Limitations & Future Work

  • Dependence on the physical properties of H&E staining—other stains (IHC, Masson's Trichrome, etc.) would require rewritten stain decomposition; not directly applicable to non-H&E pathology (e.g., Electron Microscopy).
  • SAM inference itself still incurs computational overhead; thousands of SAM calls in dense nuclear scenarios can be slow.
  • Containment-aware NMS is a heuristic that might erroneously suppress nested nuclear structures (e.g., nucleoli within a nucleus).
  • The self-reference strategy may fail on low-quality slides with extremely poor staining (over-exposed/under-stained); failure cases were not quantified.
  • No head-to-head comparison directly against foundation models like H-optimus-1 (though it was used as a backbone).
  • vs. Full/Weak/Self-supervised Nuclear Segmentation (HoVer-Net, Voronoi, etc.): Those require training and annotation; SPROUT outperforms them at zero cost.
  • vs. SAM Pathology Fine-tuning (MedSAM, PromptNucSeg): Those require medical annotation and training; SPROUT uses the general SAM directly.
  • vs.

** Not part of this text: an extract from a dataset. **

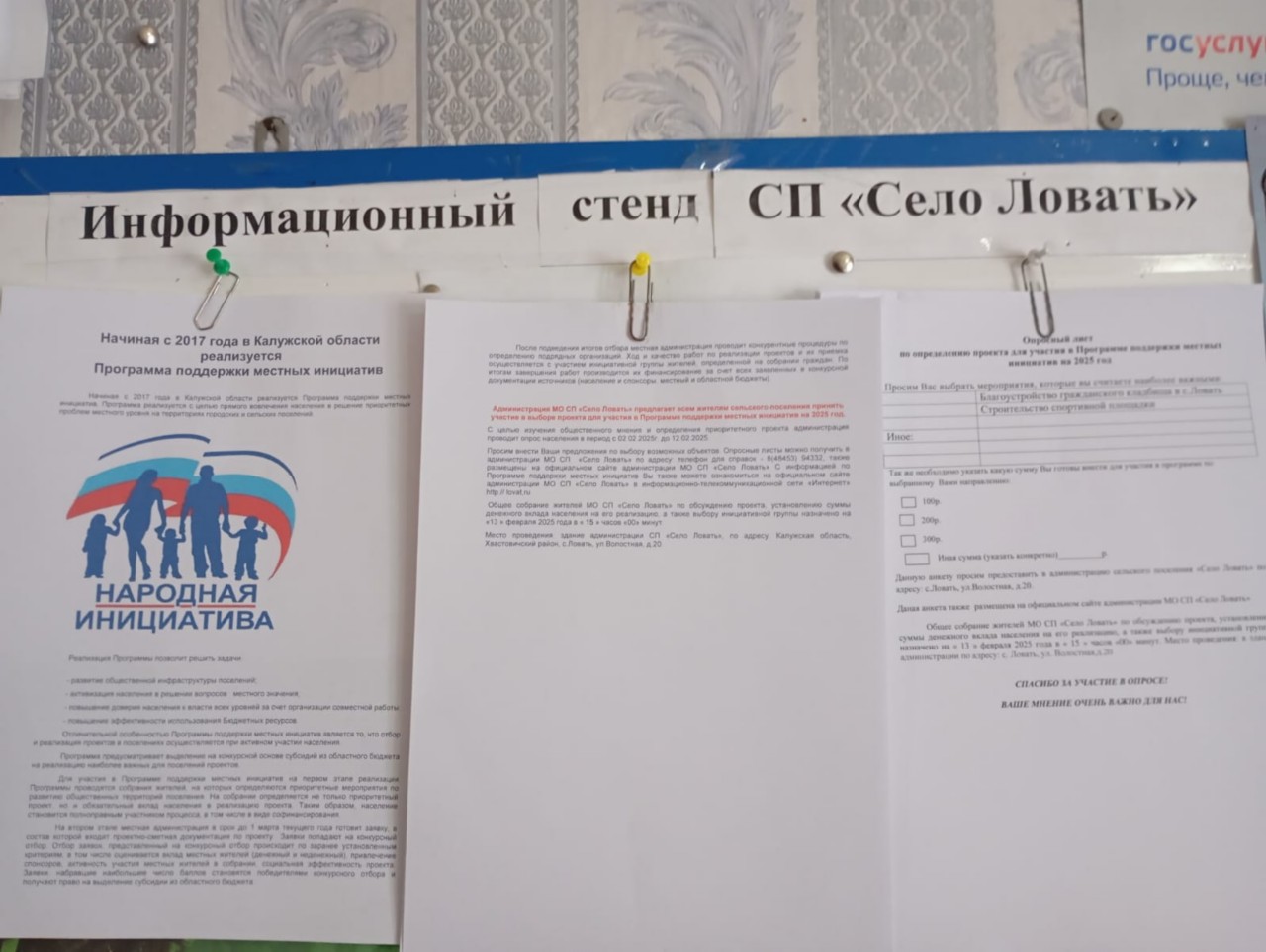 Просим внести Ваши предложения по выбору возможных объектов. Опросные листы можно получить в администрации МО СП «Село Ловать» по адресу: телефон для справок - 8(48453) 94332, также размещены на официальном сайте администрации МО СП «Село Ловать» С информацией по Программе поддержки местных инициатив Вы также можете ознакомиться на официальном сайте администрации МО СП «Село Ловать» в информационно-телекоммуникационной сети «Интернет» http:// lovat,ru.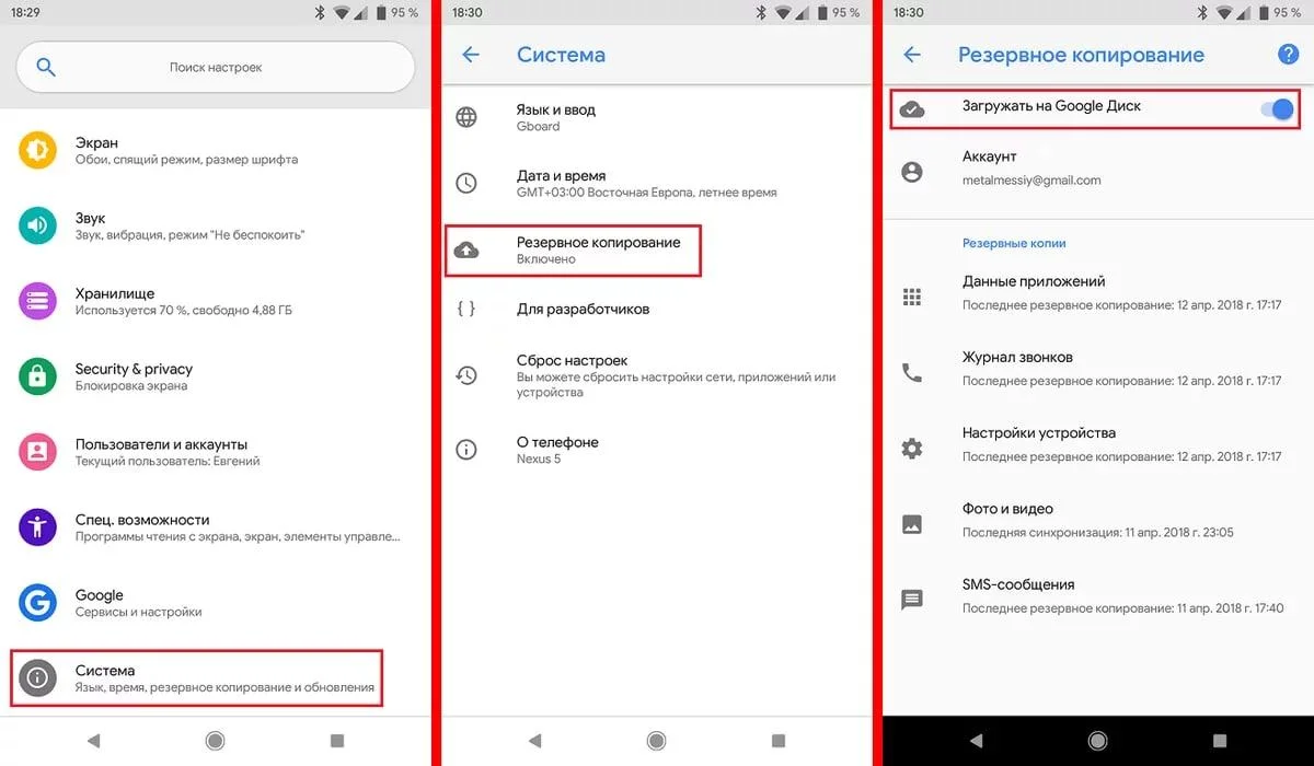 Когда бэкап не восстанавливается в автоматическом режиме, следует выполнить операцию вручную. Потребуется открыть настройки, перейти в раздел «Система» и активировать функцию загрузки резервной копии.

Reference-based Training-free (Matcher, Bridge, SAT): Those require external references, which are unstable in pathology; SPROUT's self-reference is a breakthrough.
  • Insight: Treat "domain physical prior → self-reference → foundation model prompting" as a general paradigm for zero-shot medical imaging. OT + Partial soft alignment is suitable for all "feature-prototype alignment + noise filtering" tasks.

Rating

  • Novelty: ⭐⭐⭐⭐⭐ "Stain prior self-reference + Partial OT" is a truly new training-free paradigm.
  • Experimental Thoroughness: ⭐⭐⭐⭐⭐ 4 datasets × multi-supervision baselines × detailed ablations × hyperparameter robustness; comprehensive coverage.
  • Writing Quality: ⭐⭐⭐⭐ Clear framework; solid mathematical derivation for POT-Scan; provides theoretical guarantees (POT convergence proof in appendix).
  • Value: ⭐⭐⭐⭐⭐ Pathology annotation is extremely expensive and variable; zero-annotation SOTA directly lowers the barrier for medical AI deployment.